Sunday, December 17, 2006

Cartoons, Magazines and Animation

American cartoons and comics have commented, humorously or scathingly, on American life since Thomas Nast or earlier. Humorous print cartoonists of note include Charles Schulz, Scott Adams, Jim Davis, Gary Larson, Walt Kelly, Johnny Hart, Bill Watterson, and others.

Mad is an American humor magazine founded in 1952 which offered satire on all aspects of American life and pop culture. With its first issue (October-November, 1952), Mad was a comic book, and part of the line of EC Comics. It became a slick magazine in 1954. Throughout the 1950s and continuing until today Mad featured parodies focusing on the familiar staples of American culture, exposing the fakery behind the image. The magazine has leant its name to the current television program MadTV.

Other U.S. humor magazines of note include Humbug, Trump and Help!, as well as the National Lampoon, and Spy Magazine.

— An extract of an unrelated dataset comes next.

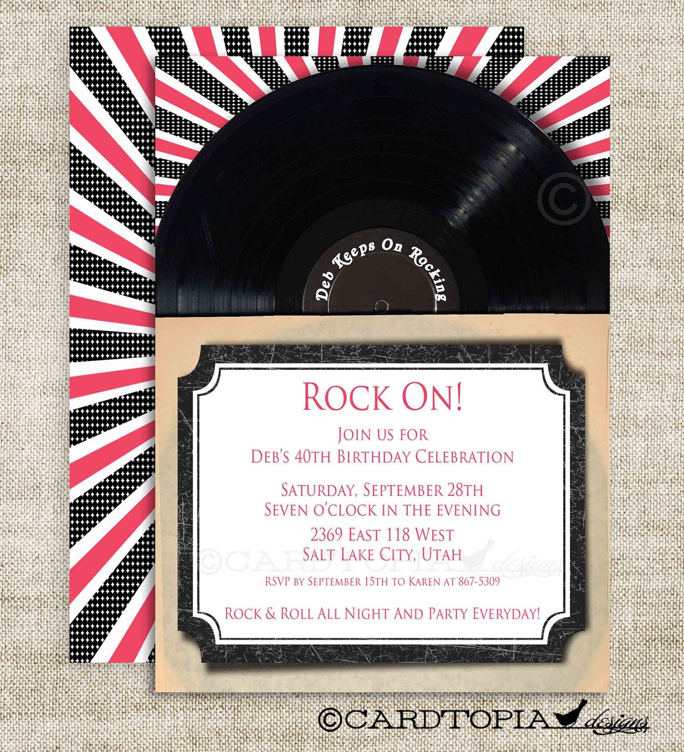 Don’t settle for boring, generic invitations when you can have custom-designed rock n roll party invitations that will get everyone excited for the event. Get ready to rock out with your friends and make memories that will last a lifetime!

National Lampoon began in 1970 as an offshoot of the Harvard Lampoon. The magazine regularly skewered pop culture, the counterculture and politics. The magazine was at its height in the 1970s, and its influence spread to films and comedy programs. In the mid 1970s, some of the magazine's contributors left to join the NBC comedy show Saturday Night Live (SNL). The magazine stopped publication in 1998, but films and other programs attributed to "National Lampoon" continue.

In the twentieth-century film allowed for animated cartoons of a humorous nature. The most notable of these perhaps being Looney Tunes and Tom and Jerry. Chuck Jones, Tex Avery, Mel Blanc (as a voice) and Friz Freleng playing critical roles in this. Humorous animated shorts like What's Opera, Doc?, Duck Amuck, and One Froggy Evening garnered critical enough appeal to be inducted into the National Film Registry. The Warner Brothers cartoons often dealt with themes beyond US culture or society, but did involve a great deal of commentary on American life. Although many of the American winners of the Academy Award for Animated Short Film are not examples of American humor a significant percentage would qualify as such. On television noteworthy American cartoons include The Flintstones and The Simpsons.